LPV is 98–99% protein bound. In the absence of human serum (i.e., 100% freely available drug), in-vitro data suggests a half-maximal effective concentration (EC50) for LPV against SARS-CoV-2 of 16.74 mcg/mL [10] compared to 0.006–0.017 mcg/mL for various HIV strains [1]. This concentration is unlikely to be obtained in-vivo without excessive risk, as an accidental overdose of 32 times the intended amount still resulted in sub-therapeutic levels. Even using the calculated peak free LPV concentration is only 1.36–2.72 mcg/mL (1–2% of the total calculated above).

The reason(s) why plasma concentrations were not higher in the setting of a 32-fold overdose are unclear. Drug absorption may have been compromised by the effects of critical illness. For such large volume overdose, holding enteral feeds may also have contributed as food increases LVP/r solution absorption [1]. It is also possible that intestinal transporters were saturated [11] and that splanchnic circulation was decreased [12]. Finally, co-administration of dexamethasone, a known CYP inducer, may have contributed to increased metabolization and clearance of LPV [1]. No other potential drug-drug interactions were identified.

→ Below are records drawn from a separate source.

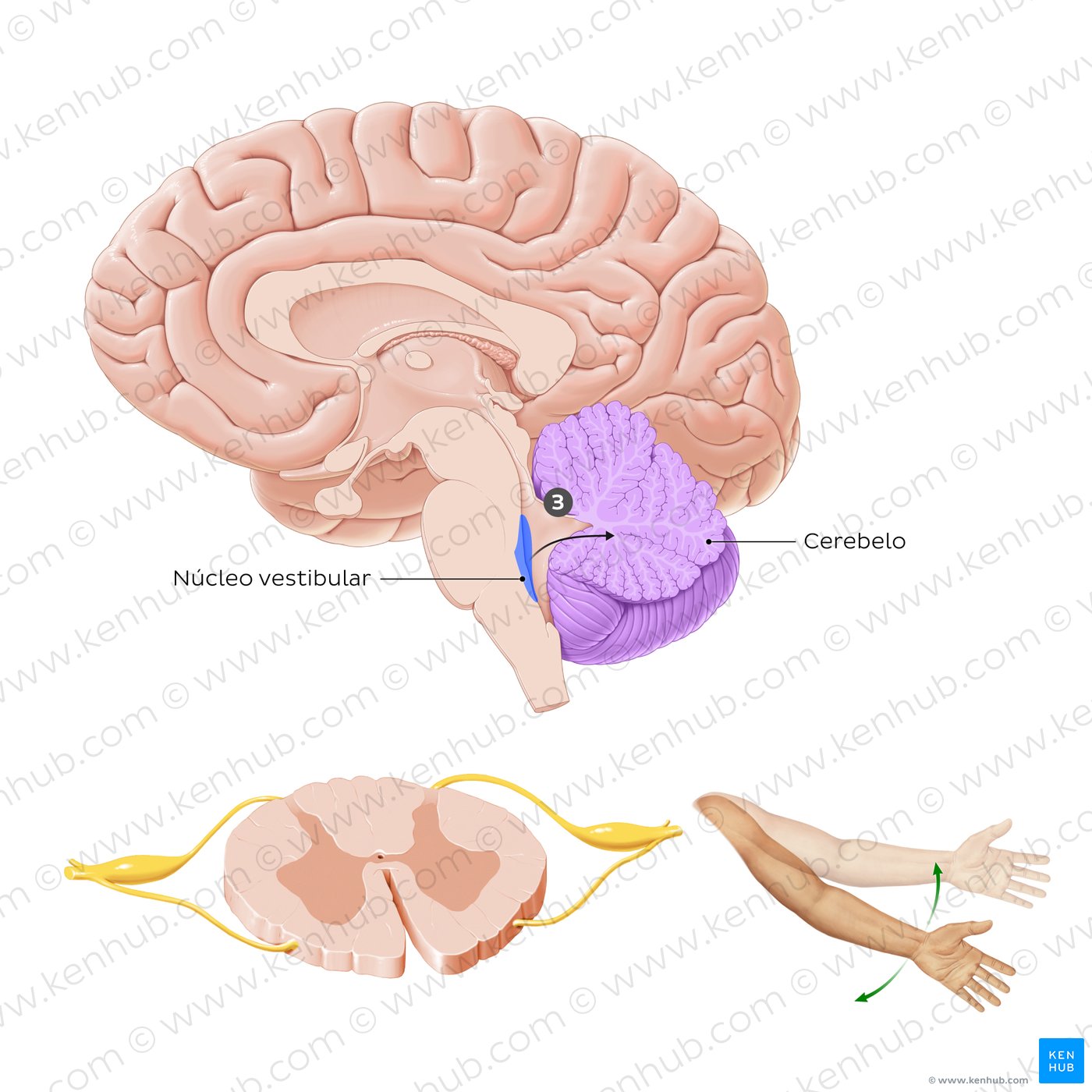O trato vestibuloespinal é subdividido nos tratos vestibuloespinais medial e lateral. O trato vestibuloespinal lateral se origina do núcleo vestibular lateral e cursa inferiormente ao longo da coluna anterior da medula espinal, alcançando todos os níveis vertebrais. O trato vestibuloespinal medial se origina do núcleo vestibular medial e cursa inferiormente ao longo do fascículo longitudinal medial, chegando até o nível espinal torácico médio. Os tratos vestibuloespinais são regulados pelo sistema vestibular e pelo cerebelo, e seu funcionamento ativa principalmente músculos antigravitacionais, no contexto da postura e do equilíbrio. O trato vestibuloespinal medial inerva principalmente músculos do pescoço.
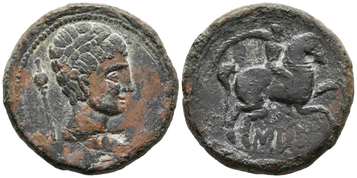 SAITI. As. 120-20 a.C. Xátiva (Valencia). A/ Cabeza masculina a derecha, detrás cetro. R/ Jinete con palma a derecha, debajo SAITi. FAB-2097. Ae. 23,88g. MBC+/MBC.
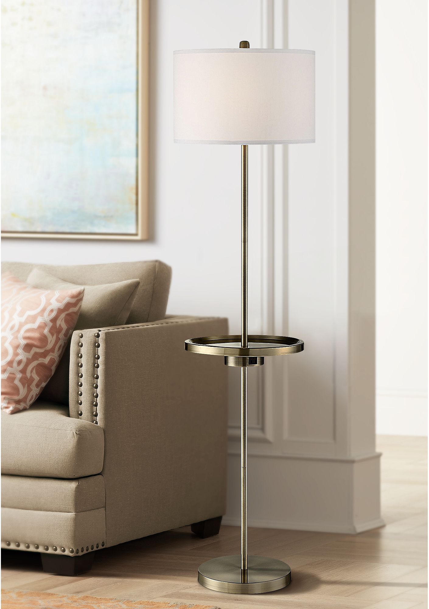 Lite Source Brass 62" Outlet and USB Floor Lamp with Tray Table
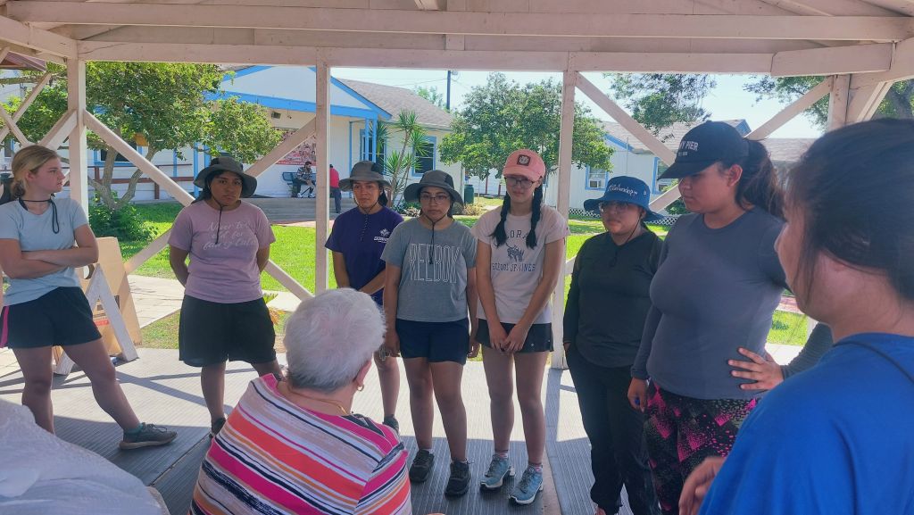 Terminamos nuestra primera semana de trabajo en la Posada. Con un grupo de 11 personas pudimos terminar dos lados del proyecto de cerca que rodea el perímetro de la Posada. A algunas personas se les asignaron tareas diferentes, como mezclar cemento, añadir agua, transportar la carretilla o alinear los postes. Todos nos turnamos haciendo los diferentes trabajos, dándonos la oportunidad de un descanso bajo las ardientes temperaturas que superan los 90 grados farenheit (32 centígrados). Después de haber llenado 22 hoyos con concreto, nos fuimos a una nueva ubicación para llenar los hoyos restantes. Iniciar la construcción de la cerca fue una satisfacción porque estamos creando una fuente de protección para los habitantes de la Posada. Esto no solo reconoce la privacidad de los visitantes, sino que también mantiene una sensación de seguridad para los que encuentran refugio al llegar a la Posada. Curiosamente, uno de los problemas de seguridad es con los medios de comunicación. Proteger la privacidad de los refugiados es importante y estoy orgullosa de ser parte de esto al brindarles este tipo de protección.
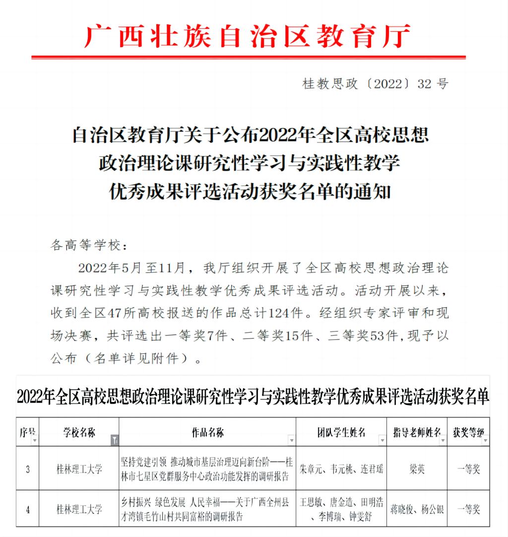 11月29日,自治区教育厅公布了2022年全区高校思政课研究性学习与实践性教学优秀成果评选活动获奖名单。我校太阳成集团官方网站梁英指导,朱章元、韦元桃等3名学生组成团队提交的作品《坚持党建引领推动城市基层治理迈向新台阶——桂林市七星区党群服务中心政治功能发挥的调研报告》以及我校太阳成集团官方网站教师蒋晓俊、杨公银指导,王思敏、唐金造等5名学生组成团队提交的作品《乡村振兴.绿色发展.人民幸福——关于广西全州县才湾镇毛竹山村共同富裕的调研报告》从决赛中脱颖而出,双双获得一等奖。

Our report has limitations. Although comprehensive, our chart review is at risk of inconsistencies in extraction and clinical documentation. While our findings (n = 12) are consistent with those of Schoergenhofer [6] (n = 8) and Gregoire [7] (n = 12), the three studies are small, limiting external validity to the entire COVID-19 population. Finally, there is no control group, preventing conclusions on efficacy and limiting conclusions on safety as many of LPV/r’s side effects may be consequences of COVID-19 itself.

Conclusion

Our report supports previous findings that treating COVID-19 affected patients with standard HIV LPV/r dosages yields approximately 3-fold higher trough LPV concentrations which may result in adverse events [6,7,9]. Despite this risk, the in-vitro derived EC50 for LPV on SARS-CoV-2 was not reached in any of our patients, including the 32-fold overdose. This may in part explain why Cao et al. demonstrated no benefit from LPV/r in hospitalized patients [9]. Consistent with these findings and in light of issues raised by their interim analysis, on July 4, 2020, the World Health Organization reported the Solidarity Trial’s recommendation to immediately discontinue the LPV/r treatment arms due to futility and safety concerns [13].

Most importantly, this report will impact on patients enrolled in other trials or who are offered this treatment as part of their clinical care. Our findings should alert clinicians to pay attention for LPV/r side effects and complications. Closer clinical monitoring will enable early detection of toxicity and allow for therapeutic adjustment and possible discontinuation of LPV/r.